Dün geceki uzun uzun aldığım kararlardan sonra okula girdiğim ilk an bu değişim kararının yerinde bir karar olduğu konusunda ikileme düştüm.
Onları yeni tanıyordum ve bu dönemin bitmesine az kalmıştı. İspanyada iflas edip gelsek bile burada yeterince paramız vardı ve babam çalışmaya başladığı için yakında kendi evimize bile çıkabilecektik. Beni en mutlu eden şey ise yaz tatilinde ailenin her yıl gittiği yazlık evde güzel bir tatil geçirecek olmamızdı.
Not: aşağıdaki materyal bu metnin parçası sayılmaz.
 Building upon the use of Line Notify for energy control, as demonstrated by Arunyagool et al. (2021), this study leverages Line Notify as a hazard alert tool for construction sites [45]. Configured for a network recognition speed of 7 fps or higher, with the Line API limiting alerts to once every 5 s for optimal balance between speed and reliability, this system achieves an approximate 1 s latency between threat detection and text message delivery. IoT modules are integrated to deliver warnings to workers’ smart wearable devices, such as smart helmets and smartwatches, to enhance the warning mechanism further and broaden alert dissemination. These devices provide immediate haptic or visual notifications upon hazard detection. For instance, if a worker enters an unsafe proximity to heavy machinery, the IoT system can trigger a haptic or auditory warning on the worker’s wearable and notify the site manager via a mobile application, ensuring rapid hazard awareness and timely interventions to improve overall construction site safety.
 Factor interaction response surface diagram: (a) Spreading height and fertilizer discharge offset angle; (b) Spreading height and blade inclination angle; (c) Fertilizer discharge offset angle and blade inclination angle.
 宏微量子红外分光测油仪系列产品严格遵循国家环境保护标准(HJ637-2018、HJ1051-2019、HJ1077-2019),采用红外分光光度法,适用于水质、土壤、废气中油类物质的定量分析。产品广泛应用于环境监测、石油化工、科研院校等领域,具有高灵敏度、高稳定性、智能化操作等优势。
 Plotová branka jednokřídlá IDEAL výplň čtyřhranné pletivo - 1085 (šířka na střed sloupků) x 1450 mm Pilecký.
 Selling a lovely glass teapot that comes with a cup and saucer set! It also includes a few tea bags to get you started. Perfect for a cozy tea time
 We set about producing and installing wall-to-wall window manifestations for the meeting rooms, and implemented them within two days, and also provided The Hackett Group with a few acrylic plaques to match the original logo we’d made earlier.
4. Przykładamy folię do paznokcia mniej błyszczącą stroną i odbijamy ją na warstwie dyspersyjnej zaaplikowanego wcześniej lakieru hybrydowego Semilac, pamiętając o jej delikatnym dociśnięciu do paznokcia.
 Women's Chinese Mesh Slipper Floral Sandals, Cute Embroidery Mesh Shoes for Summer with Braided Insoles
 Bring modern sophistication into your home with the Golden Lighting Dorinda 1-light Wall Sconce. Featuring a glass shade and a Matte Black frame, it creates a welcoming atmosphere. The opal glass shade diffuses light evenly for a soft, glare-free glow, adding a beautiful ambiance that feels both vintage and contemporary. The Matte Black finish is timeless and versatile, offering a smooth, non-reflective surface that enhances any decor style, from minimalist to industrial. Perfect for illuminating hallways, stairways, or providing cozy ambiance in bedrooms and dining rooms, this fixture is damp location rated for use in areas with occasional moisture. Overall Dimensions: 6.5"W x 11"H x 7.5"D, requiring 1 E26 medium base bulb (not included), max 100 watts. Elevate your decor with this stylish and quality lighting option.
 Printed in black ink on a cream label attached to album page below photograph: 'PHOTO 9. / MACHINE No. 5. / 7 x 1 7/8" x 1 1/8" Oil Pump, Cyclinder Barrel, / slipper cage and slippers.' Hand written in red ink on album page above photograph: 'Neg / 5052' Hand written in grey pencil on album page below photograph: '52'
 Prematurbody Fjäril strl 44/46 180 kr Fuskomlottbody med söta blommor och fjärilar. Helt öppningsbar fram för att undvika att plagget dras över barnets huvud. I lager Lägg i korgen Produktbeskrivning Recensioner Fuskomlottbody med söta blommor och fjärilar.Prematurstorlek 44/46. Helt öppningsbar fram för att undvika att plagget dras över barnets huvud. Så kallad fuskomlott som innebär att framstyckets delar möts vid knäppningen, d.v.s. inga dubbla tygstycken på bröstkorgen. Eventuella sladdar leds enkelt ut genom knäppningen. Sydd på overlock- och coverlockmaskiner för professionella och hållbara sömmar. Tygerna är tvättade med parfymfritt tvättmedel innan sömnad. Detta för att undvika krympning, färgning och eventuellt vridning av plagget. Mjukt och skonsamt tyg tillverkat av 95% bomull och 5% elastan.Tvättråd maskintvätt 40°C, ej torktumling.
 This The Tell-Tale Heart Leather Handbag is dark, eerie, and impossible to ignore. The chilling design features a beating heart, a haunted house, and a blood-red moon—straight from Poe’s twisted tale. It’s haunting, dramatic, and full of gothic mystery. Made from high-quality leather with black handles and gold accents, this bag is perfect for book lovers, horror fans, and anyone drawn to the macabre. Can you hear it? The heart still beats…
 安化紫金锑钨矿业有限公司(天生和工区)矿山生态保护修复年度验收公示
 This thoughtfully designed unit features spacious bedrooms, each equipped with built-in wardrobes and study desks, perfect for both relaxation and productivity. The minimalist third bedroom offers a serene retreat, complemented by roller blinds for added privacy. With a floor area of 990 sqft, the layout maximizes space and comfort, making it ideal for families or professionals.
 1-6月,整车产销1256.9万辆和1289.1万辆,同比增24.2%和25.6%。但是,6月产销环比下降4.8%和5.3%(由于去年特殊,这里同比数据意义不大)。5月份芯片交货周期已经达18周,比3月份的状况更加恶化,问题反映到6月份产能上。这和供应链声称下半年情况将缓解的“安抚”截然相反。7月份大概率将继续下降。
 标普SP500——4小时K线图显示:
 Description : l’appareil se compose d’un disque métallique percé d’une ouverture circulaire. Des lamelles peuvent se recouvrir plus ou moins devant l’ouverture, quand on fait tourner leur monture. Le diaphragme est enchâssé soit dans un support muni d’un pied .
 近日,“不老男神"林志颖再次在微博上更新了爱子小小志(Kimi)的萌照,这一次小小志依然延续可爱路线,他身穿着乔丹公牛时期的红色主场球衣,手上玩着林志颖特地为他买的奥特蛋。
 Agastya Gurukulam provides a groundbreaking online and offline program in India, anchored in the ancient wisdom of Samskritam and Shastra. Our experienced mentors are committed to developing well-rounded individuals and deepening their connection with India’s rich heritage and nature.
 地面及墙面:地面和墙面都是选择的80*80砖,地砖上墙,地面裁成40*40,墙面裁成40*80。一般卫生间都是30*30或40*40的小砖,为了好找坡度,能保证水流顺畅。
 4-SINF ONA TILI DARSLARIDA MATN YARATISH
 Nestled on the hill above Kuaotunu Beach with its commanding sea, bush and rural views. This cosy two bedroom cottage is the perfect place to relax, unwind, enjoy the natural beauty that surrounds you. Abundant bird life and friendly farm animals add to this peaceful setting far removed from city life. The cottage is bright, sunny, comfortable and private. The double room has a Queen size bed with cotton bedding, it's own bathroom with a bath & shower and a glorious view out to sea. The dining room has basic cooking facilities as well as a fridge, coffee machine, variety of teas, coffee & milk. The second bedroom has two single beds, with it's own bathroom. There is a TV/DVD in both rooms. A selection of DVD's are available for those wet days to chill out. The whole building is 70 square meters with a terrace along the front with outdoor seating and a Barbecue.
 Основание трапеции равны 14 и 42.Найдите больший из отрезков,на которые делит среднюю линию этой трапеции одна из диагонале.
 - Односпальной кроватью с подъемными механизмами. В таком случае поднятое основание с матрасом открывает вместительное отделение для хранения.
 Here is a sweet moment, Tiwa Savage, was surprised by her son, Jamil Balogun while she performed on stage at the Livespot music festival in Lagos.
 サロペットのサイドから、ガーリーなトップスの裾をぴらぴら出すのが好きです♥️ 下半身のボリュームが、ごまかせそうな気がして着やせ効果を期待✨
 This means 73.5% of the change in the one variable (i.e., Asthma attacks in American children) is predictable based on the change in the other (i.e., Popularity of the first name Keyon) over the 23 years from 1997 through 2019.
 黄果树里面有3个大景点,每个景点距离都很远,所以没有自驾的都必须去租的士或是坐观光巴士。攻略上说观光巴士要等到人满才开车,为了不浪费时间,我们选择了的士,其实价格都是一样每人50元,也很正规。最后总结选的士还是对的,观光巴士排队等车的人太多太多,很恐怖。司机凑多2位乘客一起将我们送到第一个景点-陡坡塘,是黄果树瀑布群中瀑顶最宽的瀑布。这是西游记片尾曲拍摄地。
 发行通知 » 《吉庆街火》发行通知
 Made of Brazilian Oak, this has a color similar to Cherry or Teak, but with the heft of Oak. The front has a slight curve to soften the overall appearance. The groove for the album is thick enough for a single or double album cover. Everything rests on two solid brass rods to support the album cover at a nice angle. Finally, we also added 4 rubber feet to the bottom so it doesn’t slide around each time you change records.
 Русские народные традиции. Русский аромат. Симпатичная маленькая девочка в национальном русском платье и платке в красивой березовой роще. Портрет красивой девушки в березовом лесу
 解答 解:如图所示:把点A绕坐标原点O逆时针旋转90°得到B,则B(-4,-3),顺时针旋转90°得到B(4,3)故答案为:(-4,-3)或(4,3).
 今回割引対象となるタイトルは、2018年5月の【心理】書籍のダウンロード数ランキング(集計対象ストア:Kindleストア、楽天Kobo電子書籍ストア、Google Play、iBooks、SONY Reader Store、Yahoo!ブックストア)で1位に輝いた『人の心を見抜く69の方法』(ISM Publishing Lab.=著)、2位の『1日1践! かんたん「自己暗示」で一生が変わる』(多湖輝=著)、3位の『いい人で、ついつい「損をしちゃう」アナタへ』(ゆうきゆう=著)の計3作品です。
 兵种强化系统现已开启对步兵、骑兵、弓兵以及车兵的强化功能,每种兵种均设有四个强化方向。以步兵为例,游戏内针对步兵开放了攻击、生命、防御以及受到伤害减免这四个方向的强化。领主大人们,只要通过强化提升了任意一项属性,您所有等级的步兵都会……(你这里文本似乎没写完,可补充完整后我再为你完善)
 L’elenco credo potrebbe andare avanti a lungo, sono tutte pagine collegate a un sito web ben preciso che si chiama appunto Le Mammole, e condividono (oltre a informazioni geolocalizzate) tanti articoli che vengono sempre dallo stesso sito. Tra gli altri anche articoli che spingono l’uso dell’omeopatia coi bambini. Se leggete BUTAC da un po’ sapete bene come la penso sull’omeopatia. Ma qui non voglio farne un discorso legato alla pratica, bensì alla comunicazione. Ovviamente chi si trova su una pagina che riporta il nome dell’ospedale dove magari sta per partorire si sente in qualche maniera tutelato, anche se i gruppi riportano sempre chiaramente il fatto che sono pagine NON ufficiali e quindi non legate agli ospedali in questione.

Yaz tatilinde kendime yeni arkadaşlar bulup denizin, kumun, güneşin tadına varacaktım. O zaman belki de aklıma buradaki insanlar hiç gelmeyecekti.
Aliseydi'ye çok bağlanmadan uzaklaşmam iyi olmuştu diye düşünüyordum.
Şu an fikrimin değişme sebebi ise bahçede herkesin gülerek eğlenerek vakit geçirdiğini görmemdi. Hiçbir zaman okulda sessiz sakin duran biri olmamıştım, eğlenmeyi ve gülmeyi çok seviyordum. Şimdi ise arkadaşım dahi olmadığı için yalnız kalmaya mahkumdum.
Geçecekti, iki ay sonra daha güzel arkadaşlar bulacaktım.
Çantamı sıkı sıkı tutup binaya ilerlerken insanlarla göz teması kurmamaya dikkat ediyordum. Sınıfımın olduğu yere geldiğimde içeriden yine aşırı gürültü geliyordu, derin bir nefes alıp kapıyı açtım.
Açtığım an etraftaki dumanları görünce ilk endişelendim, burnuma gelen kavun kokusuyla ise ne olduğunu anladım. Nargile içiyorlardı ama neden ilk dersten bunu yapmışlardı ki?
Cam kenarına doğru oturmuş beş kişilik grup vardı, nargileyi sıranın altına koymuşlardı. Millet dönüp dolaşıp oraya gidip iki üç nefes çektikten sonra gidiyorlardı ama asıl sohbetin orada olduğunu görüyordum, eğlenceli muhabbet dönüyordu.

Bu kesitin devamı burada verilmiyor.